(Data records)

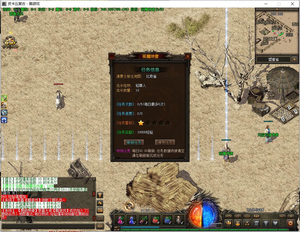 杀猫逐鹿出新村 斩妖除魔入盟重 近观绿涛汇碧海 远眺青山有苍松
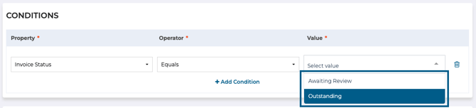 Invoices can require either a one or two stage approval process depending on how the invoice was uploaded. In the conditions section on an invoice approval flow, select "Invoice Status" in the property field to see the two possible statuses.
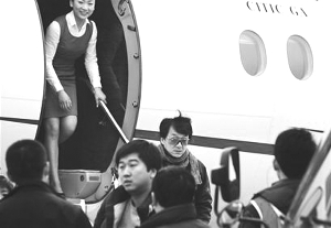 下午3:20,成龍的飛機(jī)降落在機(jī)場。幾名工作人員先行下機(jī),警覺地四處環(huán)顧,一眼就看到了攝影記者手中的相機(jī),立刻上前阻止:“成龍大哥沒有化妝,頭發(fā)很亂,還有白頭發(fā),你不能拍。”
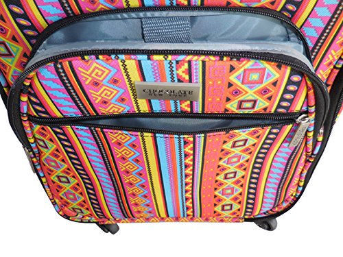 -. Brand : Chocolate New York -. Department : womens -. Feature : Smart, casual, 18" Spinner Carry-on in bright colors / Large main compartment for clothing with 2 interior zip pockets / 2 outside zip pockets, one with2 internal zip pockets / 2 side zip pockets, both large enough for water bottles / Extendable pull handle -. Model : 753 -. PackageQuantity : 2 -. ProductGroup : Apparel -. ProductTypeName : LAGE -. Size : Medium -. Title : Bundled - Chocolate New York, 4 wheel Spinner Carry-on with Allant Slim Tote
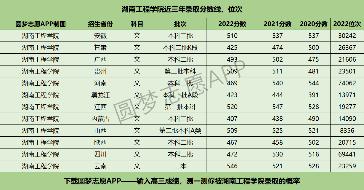 二、湖南工程学院近三年录取分数线及位次【文科版】
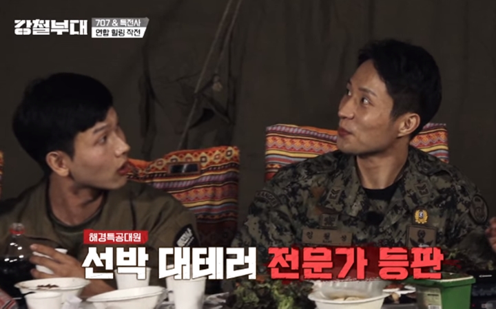 대항군 키워드 중 선박 탈환이 가장 유력하다고 예상하던 특전사들은 선박 탈환 작전에 김필성 대원에게 자문을 구합니다. 김필성 대원은 선박에서 가장 먼저 해야 하는 것이 조타실을 점령하는 것이라 팁을 알려줍니다.

* [Activity]: Write out exactly the lines from the one that contains "-. Brand : Chocolate" through the last line of the data above, both included. Leave every picture out.

* [Answer box]:
 -. Brand : Chocolate New York -. Department : womens -. Feature : Smart, casual, 18" Spinner Carry-on in bright colors / Large main compartment for clothing with 2 interior zip pockets / 2 outside zip pockets, one with2 internal zip pockets / 2 side zip pockets, both large enough for water bottles / Extendable pull handle -. Model : 753 -. PackageQuantity : 2 -. ProductGroup : Apparel -. ProductTypeName : LAGE -. Size : Medium -. Title : Bundled - Chocolate New York, 4 wheel Spinner Carry-on with Allant Slim Tote
 二、湖南工程学院近三年录取分数线及位次【文科版】
 대항군 키워드 중 선박 탈환이 가장 유력하다고 예상하던 특전사들은 선박 탈환 작전에 김필성 대원에게 자문을 구합니다. 김필성 대원은 선박에서 가장 먼저 해야 하는 것이 조타실을 점령하는 것이라 팁을 알려줍니다.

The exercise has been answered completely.